The Grothendieck ring of varieties over a field $k$ is the abelian group generated by isomorphim classes $[X]$ of separated, reduced $k$-schemes $X$ of finite type with the relation

$[X]=[Y] + [X\setminus Y]$

for any $Y \subset X$ a closed immersion and with the product structure given by

$[X\times Y]= [X]\cdot[Y]$.

My question is related to the condition of separateness. Why do we need the schemes to be separated? I have been searching in different papers and notes and I couldn't find anything about it. Could the Grothendieck ring be extended to non separated schemes?

Thank you very much.

• Have a look at mathoverflow.net/questions/25122/… for instance. Of course, you can define the grothendieck group without the condition of separatedness.
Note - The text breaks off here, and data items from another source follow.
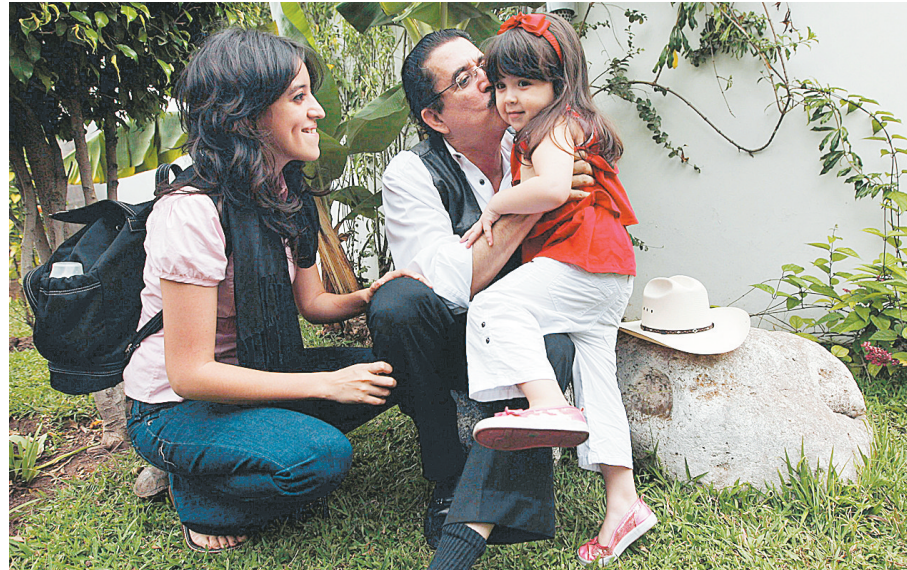
上图 10月25日,在洪都拉斯首都特古西加尔巴,洪都拉斯被罢免总统塞拉亚在巴西使馆内与女儿和外孙女在一起。
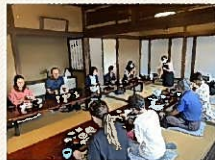
▲臼杵食業アンバサダー養成講座の様子
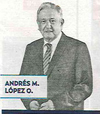
ANDRÉS M. LÓPEZ O.

» Frente a miles de sus seguidores, en lo que fue su último Grito de la Independencia, el presidente Andrés Manuel López Obrador ahora sí bajó el telón de su administración. Emotivo y lleno de aplausos, el tabasqueño inicia la cuenta regresiva para despedirse del movimiento que encabezó. Lo deja en manos de Claudia Sheinbaum, como también lo hace con la plaza que tantas veces llenó, como el principal opositor al régimen.
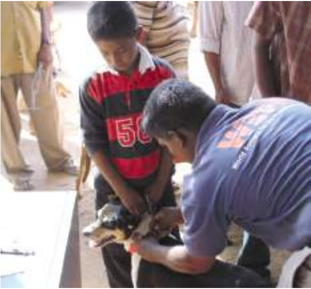
საიდენტიფიკაციო ყელსაბმის შებმა (შრი- ლანკა)
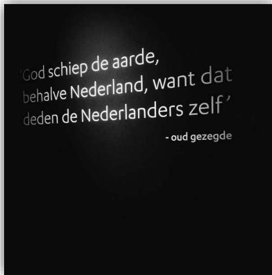
Afbeelding 1 Oud gezegde op de muur in het Boerhaave Museum Leiden
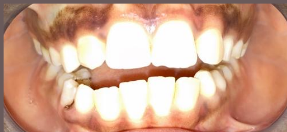
Fig. 2 – Vestíbulo do 4º quadrante livre ao exame intra-oral

alteração do trabeculado ósseo entre as raízes do dente 46 sugestivas de osteomielite crónica
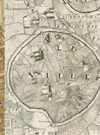
Plan Jouvin, dit des trésoriers, XVII e siècle.
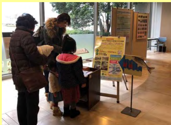
アクア琵琶クイズラリーを同時開催
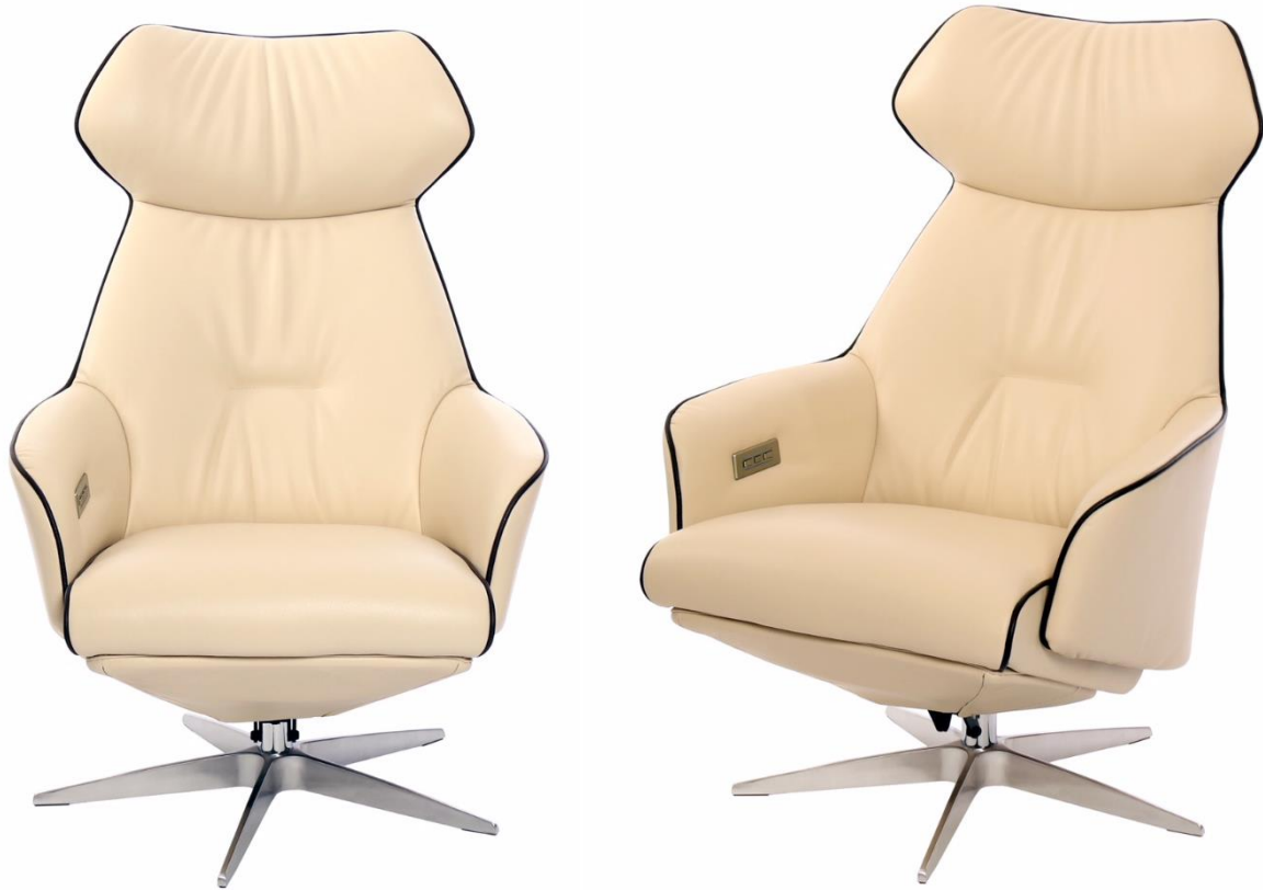
Abgebildet Modell - ARC
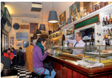
El Marcel és un bar on s'està molt bé a totes hores.
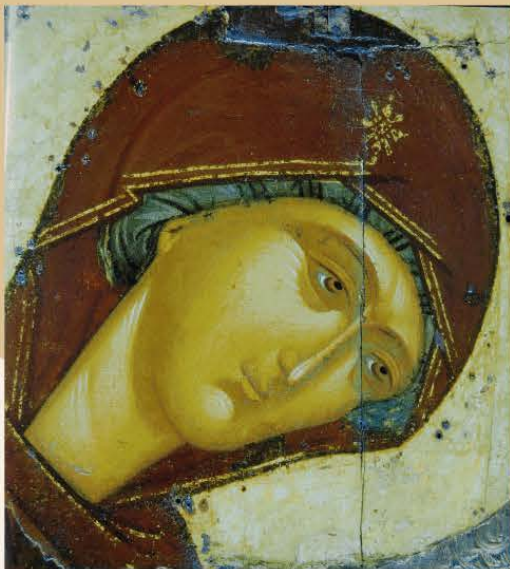
MADRE DI DIO DELL'INTERCESSIONE
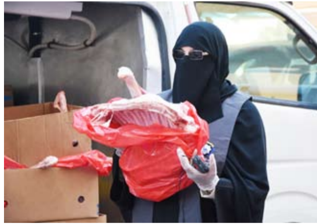
وضحة البليس تشارك في توزيع اللحوم
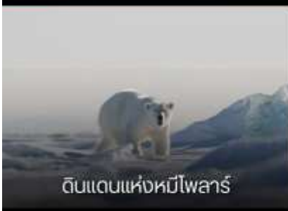
ดินแดนแห่งหมีโพลาร์
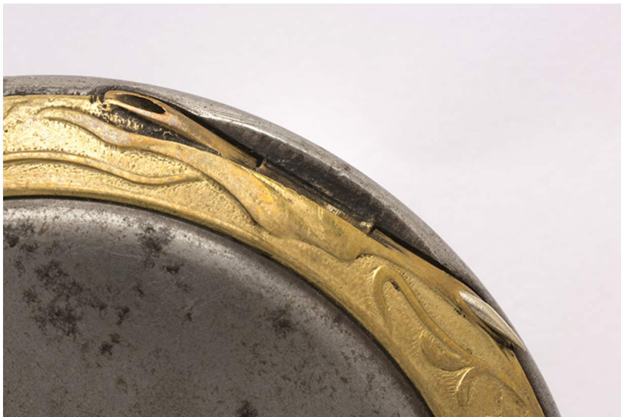
Face inférieure : décor Art nouveau et charnière du fond. 25, Villers-le-Lac

I think noetherian (or just locally noetherian) should be enough; see Definition 1.4 in math.leidenuniv.nl/scripties/MasterJavanpeykar.pdf (I dont recommend you read that text too thoroughly...) – Ariyan Javanpeykar Sep 16 '14 at 9:15
• Thank you for both comments. Yes, the question is about the Grothendieck ring, defined as isomorphims classes of varieties modulo some relations. I should have written the definition in the post, I will edit it so that it is clearer. – Manuel Mérida Angulo Sep 16 '14 at 12:42
• Sorry I misread the question. – Ariyan Javanpeykar Sep 16 '14 at 13:51
• This is not an answer to your question, but let me note that schemes need not be reduced neither. If you apply the relation $[X]=[Y]+[X-Y]$ to the inclusion $X_{red} \hookrightarrow X$, them you get $[X]=[X_{red}]$ since the underlying topological space of $X-X_{red}$ is empty. So you can erase "reduced" in your definition of the Grothendieck ring and you get the same thing. – schn93 Sep 21 '14 at 23:38

## 1 Answer

If I understand the setup of the question correctly, the answer is yes. Using non separated schemes makes no difference.

This is explained here.

In brief, whether you do the Grothendieck ring of "integral, finite type, separated" or "finite type" or even "finite type algebraic spaces" it's the same. When you pass to stacks it's a whole other mess of course.